Now I am getting to work through the references you provided. There are a lot of things to learn in this field and I am still at the beginning. If I still have problems, be sure I'll be back in the list for asking.
Regards,
Gus
---------------------------
Enviado con Sparrow (http://www.sparrowmailapp.com/?sig)
El martes 19 de junio de 2012 a las 20:19, Tim Triche, Jr. escribió:
> Oh, I don't disagree that improper normalization is a bad idea. However, quantile normalization on the overall raw intensities (for example), assuming there are not gross differences in copy number, seems to work OK in many cases. I have seen people quantile normalizing on the summary statistics, which strikes me as perverse, but it's their data and their papers, not mine.
>
> I do tend to believe that methods which take into account the peculiarities of the platform are preferable to those that don't, but the former do exist; the trouble is that few systematic comparisons have been conducted, mostly on small or unusual datasets.
>
> As you point out, failing to take into account the differences between expression data (sparse transcripts, mostly absent) and genomic DNA (whether genotyping or "epigenotyping" arrays) can be expected to lead to poor results. I'm not a fan of blindly applying anything, hence the suggestion to plot the data first and ask questions thereafter :-)
>
> Cheers,
>
> --t
>
>
>
> On Tue, Jun 19, 2012 at 11:12 AM, Yao Chen <chenyao.bioinfor at gmail.com (mailto:chenyao.bioinfor at gmail.com)> wrote:
> > Hi Tim.
> >
> > I didn't mean we don't normalization methylation data because there is no standard method. What I want to say is the most of the existing normalization methods are derived from microarray which don't fit the methylation data. Most of these methods such as quantile normalization assume that most genes are not differentially expressed. However, In DNA methylation data, global hypomethylation is observed in many diseases such as cancer . Improper normalization method would erase the real biological difference.
> >
> > Jack
> >
> > 2012/6/19 Tim Triche, Jr. <tim.triche at gmail.com (mailto:tim.triche at gmail.com)>
> > > On Tue, Jun 19, 2012 at 7:46 AM, Yao Chen <chenyao.bioinfor at gmail.com (mailto:chenyao.bioinfor at gmail.com)> wrote:
> > > > As for as I know, this is no standard normalization for methylation data.
> > >
> > >
> > > As far as I know, there is no standard for microarray or RNAseq normalization either! But that doesn't mean an investigator should ignore the issue of technical (as opposed to biological) fixed or varying effects in their data. Especially if it could materially impact the outcome of a study. lumi offers quantile normalization, minfi & methylumi will do dye bias normalization, etc.
> > >
> > > For example, GenomeStudio appears to choose a reference array for dye bias adjustment within each batch of 450k samples, and correct using the normalization controls so that the chips in the run have equivalent Cy3:Cy5 bias to the reference.
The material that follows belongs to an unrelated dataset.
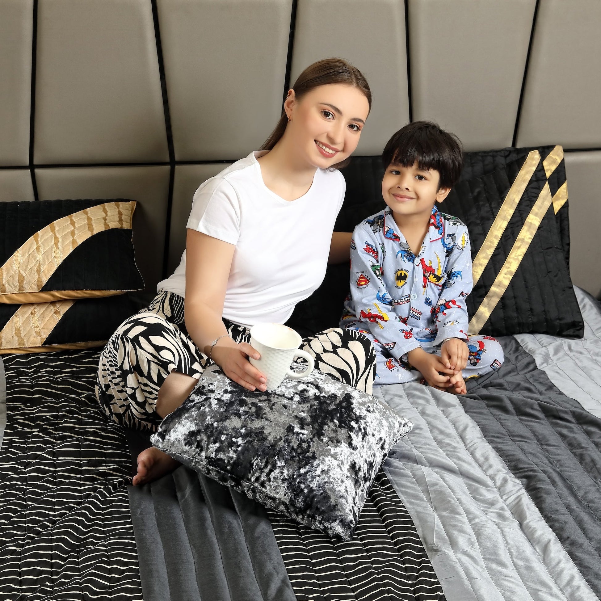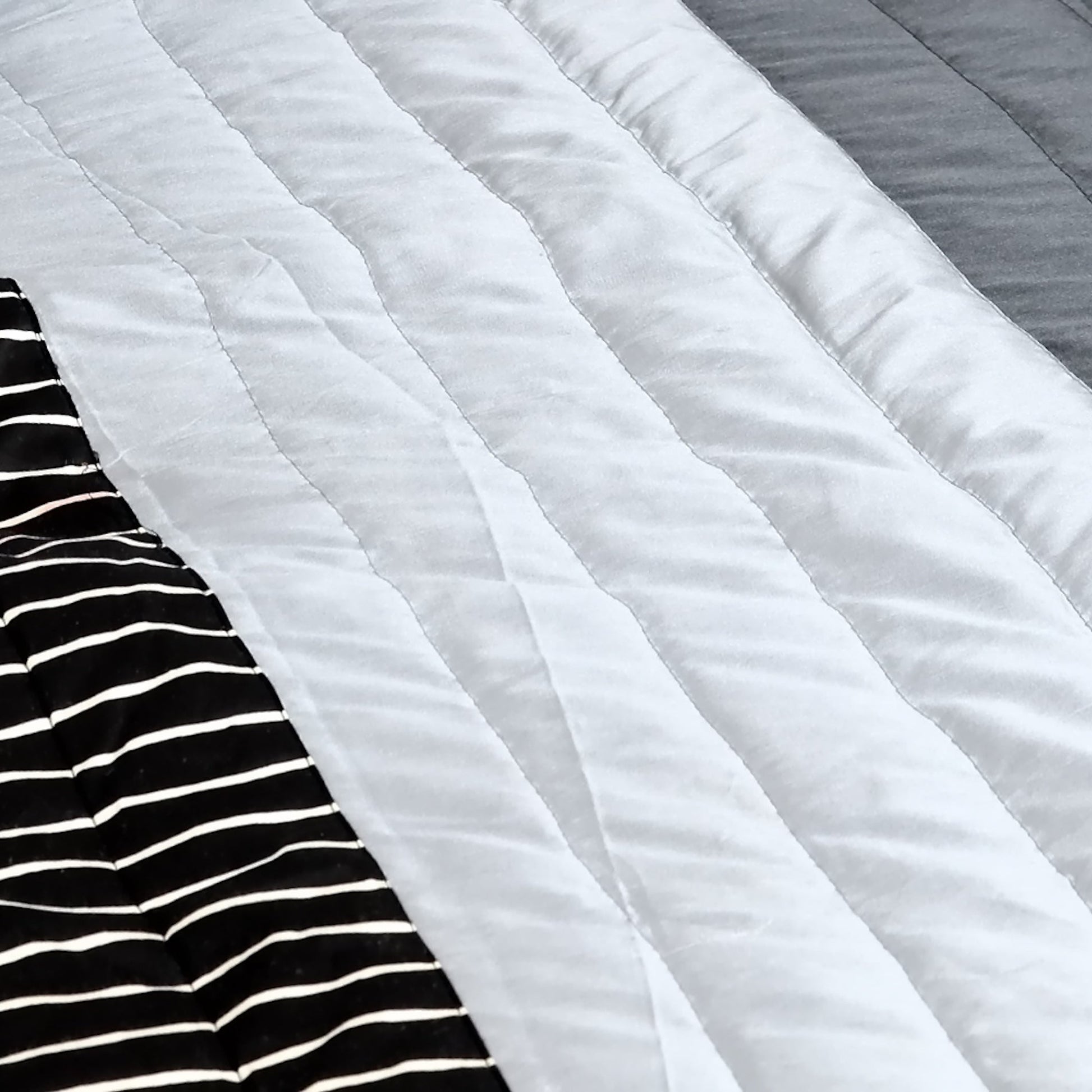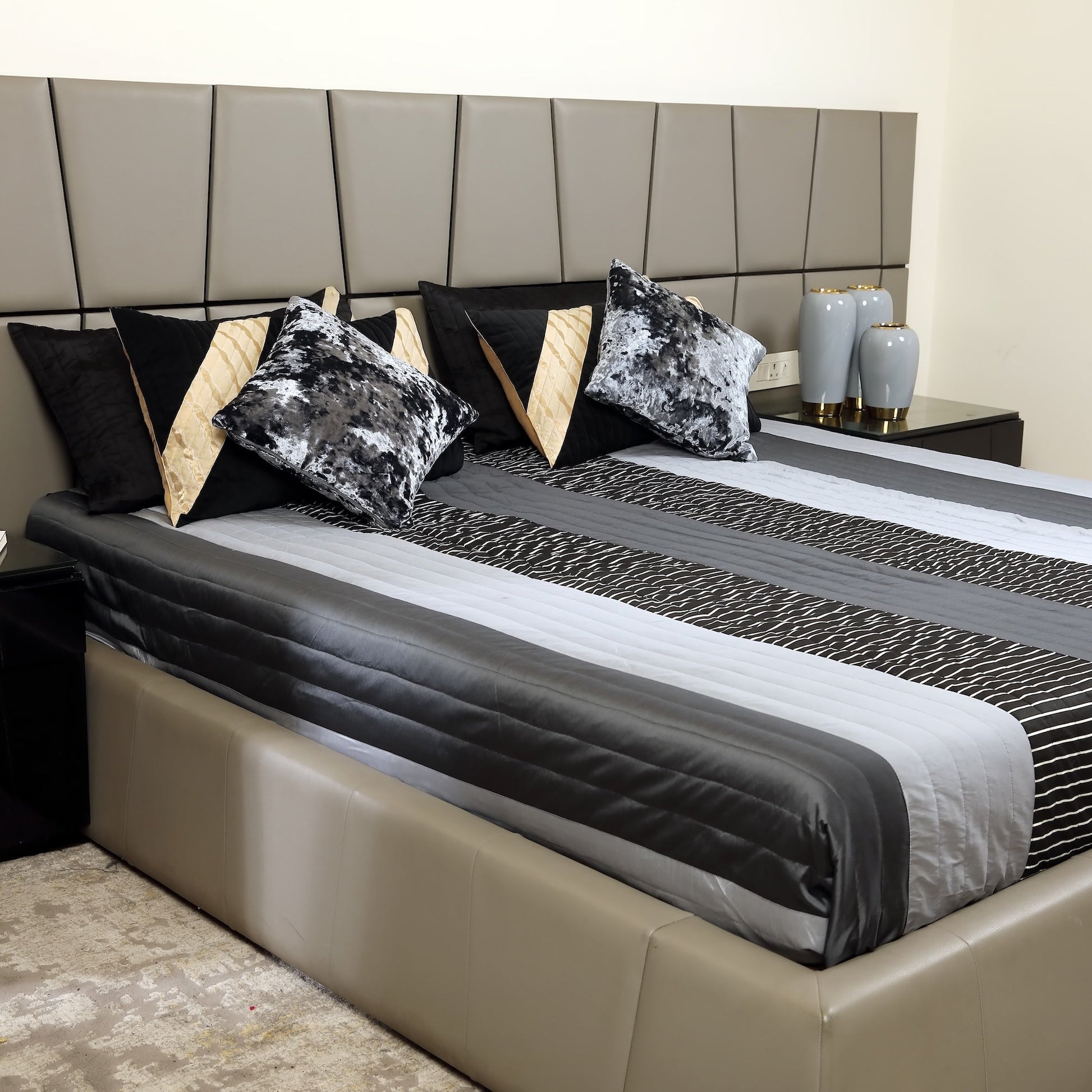 Elevate your bedroom’s aesthetic with this sleek and modern black and grey striped bedcover. The fine silk fabric adds a subtle sheen and smooth texture, while the quilted finish provides an added layer of comfort and structure. A sophisticated choice for contemporary interiors.
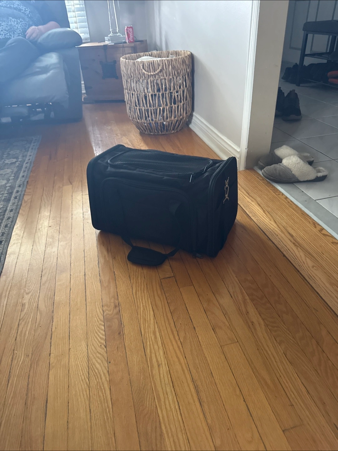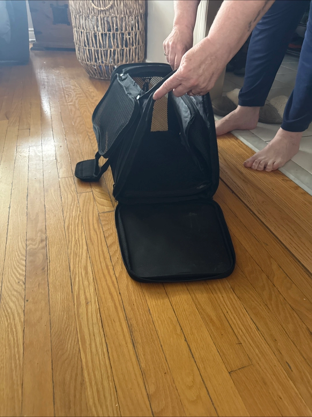 10Black pet carrier. Soft-sided carrier with mesh top. Perfect for small animals. Zipper closure and top handle and expandable

This is less than optimal if you then want to compare with another, separate batch. Personally I feel that it's better to start from IDATs.
> > >
> > > Another possibility is pernicious batch effects -- something like ComBat seems to work very well for those, usually, although as noted it's always up to the investigator to ensure that they are reporting on biologically (vs. technically) interesting differences.
> > >
> > > See for example http://www.biomedcentral.com/1755-8794/4/84
> > >
> > > > For me, I prefer keeping the raw value and just adjusting the technical variants. Anyone has better solution. Please let me know.
> > >
> > >
> > >
> > > See above. If the usual MDS plots indicate a supervised effect, one should fix it, preferably on the logit scale with ComBat, SVA, or something else appropriate to the task (i.e. if you're doing unsupervised analyses, a different method might be optimal).
> > >
> > > thanks,
> > >
> > > --t
> > >
> > >
> > >
> > > > Jack
> > > >
> > > > 2012/6/19 Tim Triche, Jr. <tim.triche at gmail.com (mailto:tim.triche at gmail.com)>
> > > > > Look up Andrew Jaffe and Rafa Irizarry's paper on "bump hunting" for
> > > > > regional differences. Or run a smooth over it (caveat: I just wrote
> > > > > smoothing "the way I want it" yesterday, after being provoked by a
> > > > > collaborator, so you might have to use lumi).
> > > > >
> > > > > The function "dmrFinder" in the "charm" package is specifically meant for
> > > > > this sort of thing.
> > > > >
> > > > > Also, if you're doing linear tests, be careful with normalization, mask
> > > > > your SNPs and chrX probes, and maybe use M-values (logit(beta)) for the
> > > > > task. The latter is more important for epidemiological datasets than
> > > > > something like cancer, where every single interesting result from M-value
> > > > > testing has been reproduced using untransformed beta values when I ran
> > > > > comparisons (e.g. HELP hg17 methylation differences for IDH1/2 mutants vs.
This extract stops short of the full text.